Nyoni knows exactly what he’s doing and his vision is clear. That clarity of vision is perhaps derived from the understanding of what needs to happen in an African context to make a first of artificial intelligence on the continent. Key to that vision is equipping Africans with the knowledge and skills to imagine the tech on their own terms, holistically, rather than simply equipping them with one of the skills within the production line of someone else’s tech ecosystem.
He says that the young African workforce is being trained to code and develop and he uses the analogy of car manufacturing when workers are told how to “put the light on a car,” as opposed to thinking around what the cars of the future could look like.
“What is being taught is how to then deal with what the rest of the world has come up with and then just have the least impactful contribution, but of course the one that is most people intensive,” he explains.
Nyoni’s commitment to African-focused projects extended further into the murky waters of the ethics of AI. Since there is no global ethics policing for self-driving cars (yet), he built one that uses Ubuntu as a value system.

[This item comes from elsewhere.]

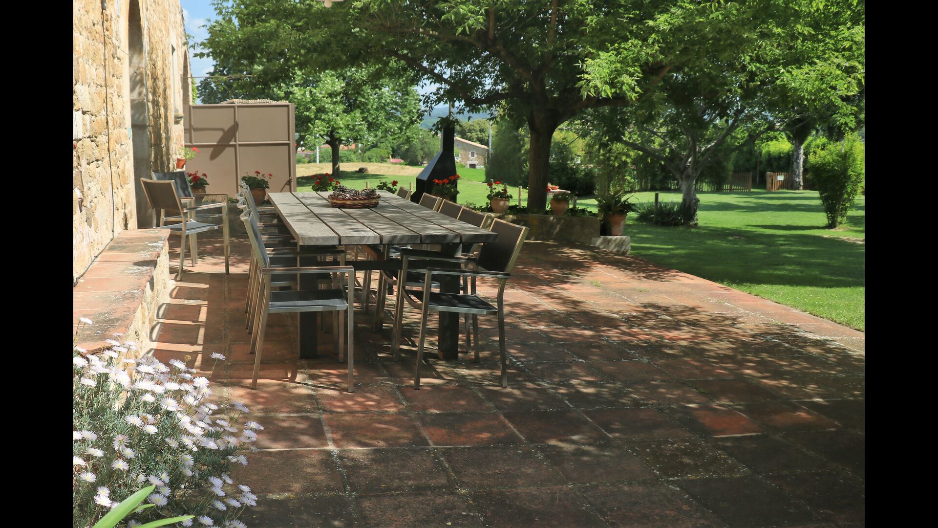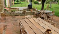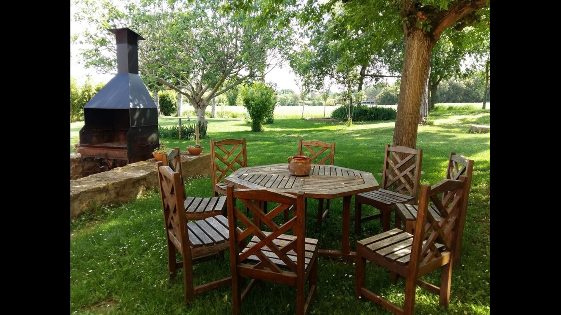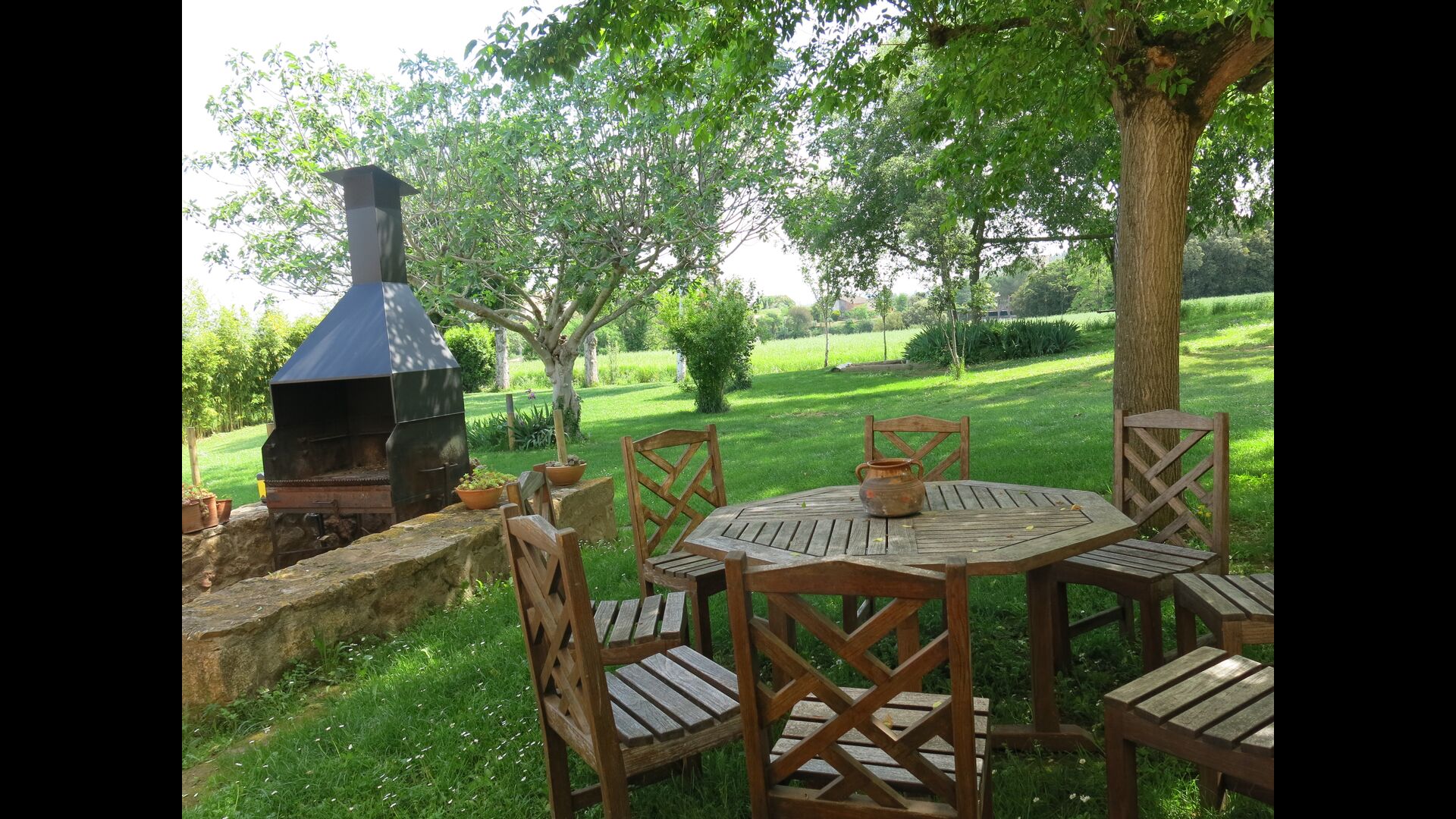 Outside, in front of the house, is the large area with grass with many shadows, created by trees, where you can have coffee in the morning or relax with a good book and a glass of wine. Next to the house there is also a terrace with a large table and a barbecue. There is also a playground and swings for children.

Ubuntu is an African concept and philosophy that encompasses human virtues, compassion and humanity.
It came about in 2017 when one of the biggest tech sites released survey results which indicated that the majority of the community felt developers themselves should be responsible for AI ethics and algorithms. But when more than 80% of those respondents were white males, it becomes problematic. This narrow demographic means that there isn’t a diversity of experiences and perspectives to draw from, and which will inform an inclusive ethics code.
“So you don’t have representation in the room, but you’re also saying that we should be the ones who control what happens, who dies, who lives, etc. This is why Africa needs to get in on the conversation as soon as possible,” says Nyoni.
He says the ethics library is a bit ahead of its time, because it’s built for a future in which there are multiple manufacturers of self-driving cars and autonomous software is more commonplace. But more than that it was about making his voice heard.
“This was more like a leap into the future, but one that was more based on showing that we can be heard in these kinds of spaces if necessary, and not just to wait until people need developers to roll out something,” he says.
Whether being heard means creating frivolous apps that rate your dance moves, or building a tool that will no doubt be relied on in the future, Nyoni’s work is carefully towing the line between homegrown relevance and cutting-edge innovation. His projects are made less for a market, and more to harness conversations around what’s possible as it relates to Africans.
“AI needs to become more and more 'ratchet' in order for it to become more and more approachable. I say 'ratchet', because I don’t just want it to be just accessible. It should be so accessible, it’s silly.
"There’s a need for AI to be made more accessible to a generation that doesn’t have the hang-ups we might have around who the people are who built AI tools. I definitely think the upcoming generation needs to understand that this is a field that they can totally own if they wanted to because no one actually owns it,” he says reassuringly.